**Dataset records**
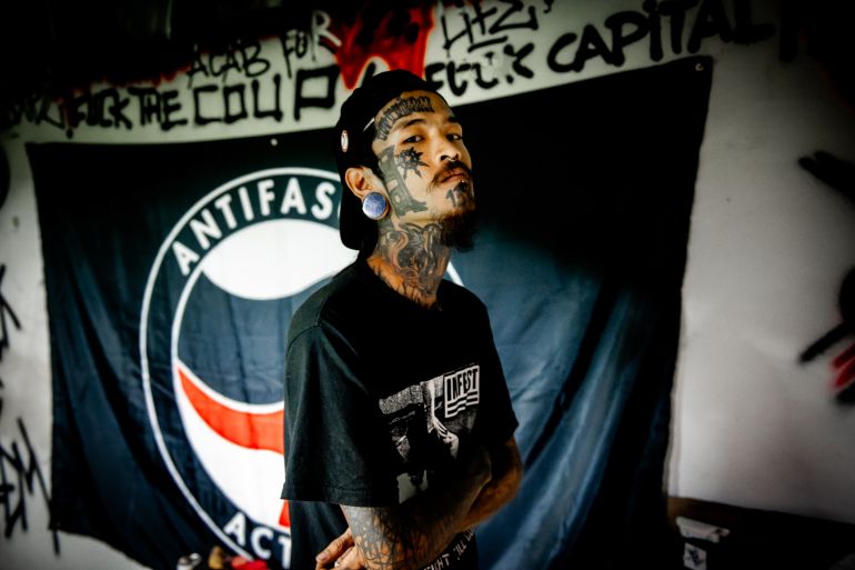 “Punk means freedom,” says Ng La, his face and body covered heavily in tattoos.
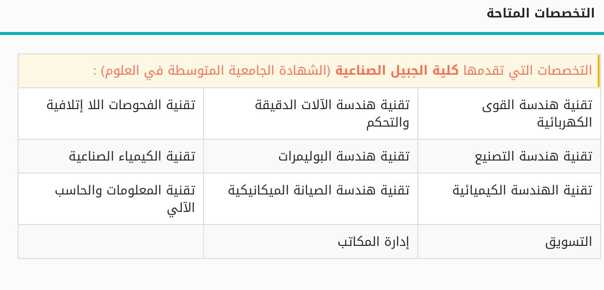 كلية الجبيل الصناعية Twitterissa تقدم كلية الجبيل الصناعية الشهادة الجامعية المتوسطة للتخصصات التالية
...
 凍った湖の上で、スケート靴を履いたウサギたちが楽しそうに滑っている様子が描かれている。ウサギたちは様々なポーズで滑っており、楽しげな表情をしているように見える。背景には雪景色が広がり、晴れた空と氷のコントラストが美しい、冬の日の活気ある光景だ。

**Exercise**
Exact copy, pictures excluded: from the line with "heavily in tattoos." up to and including the line with "كلية الجبيل الصناعية Twitterissa" in the data above.

**Result of this exercise**
 “Punk means freedom,” says Ng La, his face and body covered heavily in tattoos.
 كلية الجبيل الصناعية Twitterissa تقدم كلية الجبيل الصناعية الشهادة الجامعية المتوسطة للتخصصات التالية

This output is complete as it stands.